We can actually run this code now and see that it does give a valid output:

% cargo add --git https://github.com/RyanSquared/ansi-parser-rs
% cargo add --git html_escape
% cargo run
   Compiling umbrella v0.1.0 (/home/ryan/builds/enigma/projects/umbrella)
    Finished dev [unoptimized + debuginfo] target(s) in 0.18s
     Running `target/debug/umbrella`
     Created binary (application) `umbrella` package

However, as previously mentioned, we must be able to take multiple sets of parameters. What happens if someone wants to reset the terminal, but also apply a color at the same time? Currently, we'll get a color reset, but that's it. This example command will run properly in our terminal:

echo -e '\e[0;32mHello\e[0;46mWorld\e[0m' | tee output.txt

HelloWorld

But if we run this through our program, at its current stage, we get this:

HelloWorld

<span style="color: var(--color-green)">Hello</span>World

This is due to the fact we're only matching over one value in input. In this case, we are only detecting the reset character, not the character after it. Luckily, we can iterate through the slice, deciding to take extra parameters if needed by using the Iterator::next_chunk() method:

let iter = input.iter();
while let Some(code) = iter.next() {
    match code {
        0 => state = GraphicsModeState::default(),
        1 => state.bold = true,
        3 => state.italic = true,
        4 => state.underline = true,
        9 => state.strikethrough = true,
        n @ 30..=37 => state.color = SgrColor::Console(n - 30),
        n @ 40..=47 => state.background_color = SgrColor::Console(n - 40),
        38 => {
            if let Ok([_, n]) = iter.next_chunk() {
                //                   ^^^^^^^^^^
                state.color = SgrColor::ExpandedConsole(*n);
            }
        }
    }
}

... Wait, what's that red squiggly line in my editor?

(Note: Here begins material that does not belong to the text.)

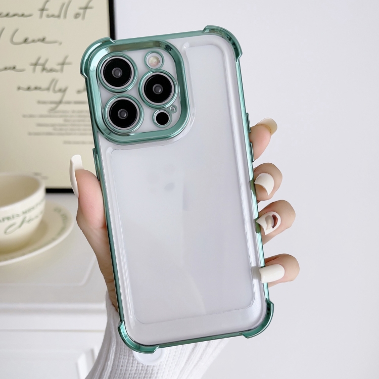 Estuche para teléfono iPhone 12 Pro Galvanoplastia a prueba de golpes de cuatro esquinas (Verde)
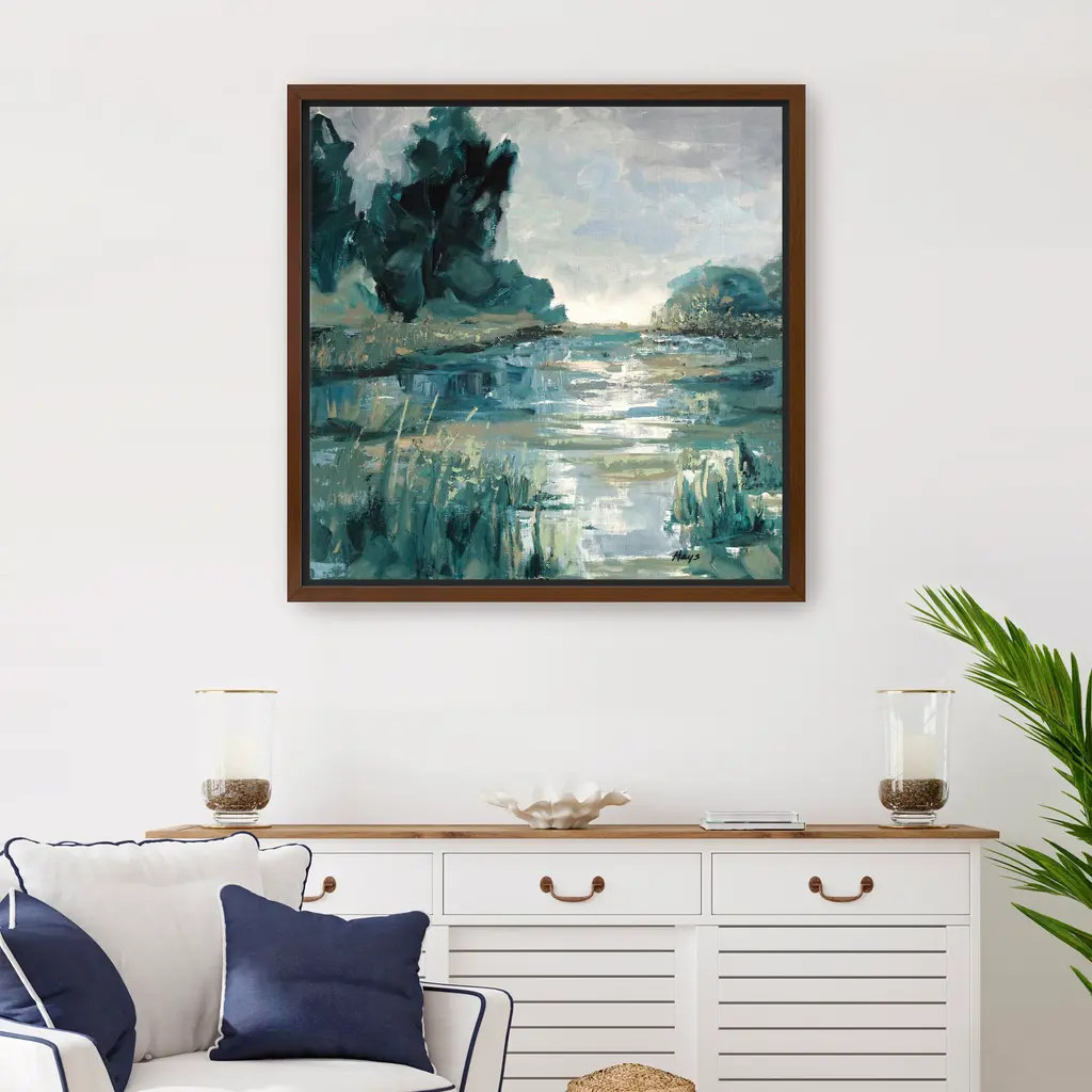 Transform your space with this mesmerizing green abstract moody landscape "Enlightened View" canvas art by Donna Hays. Featuring deep green tones and dynamic compositions, this artwork evokes a sense of mystery and tranquility. The rich colors and captivating design create an atmosphere of sophistication and elegance, making it an ideal statement piece for both contemporary and classic interiors. Available in black frame, dark walnut frame, oak frame, or as a wrapped canvas. Our Gallery Wrap Canvas Prints are proudly assembled with high quality materials in California, USA. Each piece is printed on a thick, archival grade canvas using Giclee technology. It is then hand-stretched by our experienced artisans over solid wood bars, which will not warp over time. The final product is a piece personally crafted for you to confidently display on your wall. Care and Assembly: Ensure that the location of your piece has little to no exposure to heat, sunlight, and moisture. Wipe clean, only if needed. Each piece includes a sawtooth hanger to hang on your wall horizontally.

    Checking umbrella v0.1.0 (/home/ryan/builds/enigma/projects/umbrella)
error[E0658]: use of unstable library feature 'iter_next_chunk': recently added
  --> src/main.rs:80:46
   |
80 |                     if let Ok([_, n]) = iter.next_chunk() {
   |                                              ^^^^^^^^^^
   |
   = note: see issue #98326 <https://github.com/rust-lang/rust/issues/98326> for more information

For more information about this error, try `rustc --explain E0658`.
error: could not compile `umbrella` due to previous error

Ah. I guess not.

That's fine. I'll just... Loop over the slice and increment it automagically using a macro over the match block, until next_chunk is stable. I hope that it comes sooner than the next CSI code comes out and I have to look at this code again.

macro_rules! iter_over {
    ($input:expr; $([$($t:pat_param),*] => $s:expr,)+) => {
        let mut input = $input;
        loop {
            input = match input {
                $(
                    [$($t),*, input @ ..] => { $s; input }
                ),+
                [_, input @ ..] => input,
                [] => break,
            }
        }
    }
}

impl GraphicsModeState {
    // omitted: fn build_tags()

    fn clone_from_scan(&self, input: &[u8]) -> Self {
        let mut state = self.clone();

        iter_over! {
            &input[..];
            [0] => state = GraphicsModeState::default(),
            [1] => state.bold = true,
            [3] => state.italic = true,
            [4] => state.underline = true,
            [9] => state.strikethrough = true,
            [n @ 30..=37] => state.color = SgrColor::Console(n - 30),
            [n @ 40..=47] => state.background_color = SgrColor::Console(n - 40),
            [38, 5, n] => state.color = SgrColor::ExpandedConsole(*n),
            [48, 5, n] => state.background_color = SgrColor::ExpandedConsole(*n),
            [38, 2, r, g, b] => state.color = SgrColor::True(*r, *g, *b),
            [48, 2, r, g, b] => state.background_color = SgrColor::True(*r, *g, *b),
            [39] => state.color = SgrColor::Reset,
            [49] => state.background_color = SgrColor::Reset,
        }
        
        state
    }
}

This code looks miraculously like the code I wrote earlier. By design :)

When expanded, the code looks like this:

loop {
    input = match input {
        [0, input @ ..] => {
            state = GraphicsModeState::default();
            input
        }
        [1, input @ ..] => {
            state.bold = true;
            input
        }
        [3, input @ ..] => {
            state.italic = true;
            input
        }
        [4, input @ ..] => {
            state.underline = true;
            input
        }
        [9, input @ ..] => {
            state.strikethrough = true;
            input
        }
        [n @ 30..=37, input @ ..] => {
            state.color = SgrColor::Console(n - 30);
            input
        }
        [n @ 40..=47, input @ ..] => {
            state.background_color = SgrColor::Console(n - 40);
            input
        }
        [38, 5, n, input @ ..] => {
            state.color = SgrColor::ExpandedConsole(*n);
            input
        }
        [48, 5, n, input @ ..] => {
            state.background_color = SgrColor::ExpandedConsole(*n);
            input
        }
        [38, 2, r, g, b, input @ ..] => {
            state.color = SgrColor::True(*r, *g, *b);
            input
        }
        [48, 2, r, g, b, input @ ..] => {
            state.background_color = SgrColor::True(*r, *g, *b);
            input
        }
        [39, input @ ..] => {
            state.color = SgrColor::Reset;
            input
        }
        [49, input @ ..] => {
            state.background_color = SgrColor::Reset;
            input
        }
        [_, input @ ..] => input,
        [] => break,
    };
}

The significance of this code is, the input is automatically incremented. There is no possible case where an infinite loop happens, and there's always an exit code. For future proofing, I've even added an option to skip over codes that I don't know about.

We can run this code again and see that it now correctly formats the output:

HelloWorld

<span style="color: var(--color-green)">Hello</span><span style="background-color: var(--color-cyan)">World</span>

I hope that iter_over! isn't useful for that long, and that next_chunk() gets stabilized soon, but until then, I think it's a pretty nifty macro.

I have included the source of this example in the blog repository. If you'd like to run the example yourself, you can do so. It should be as simple as cargo run.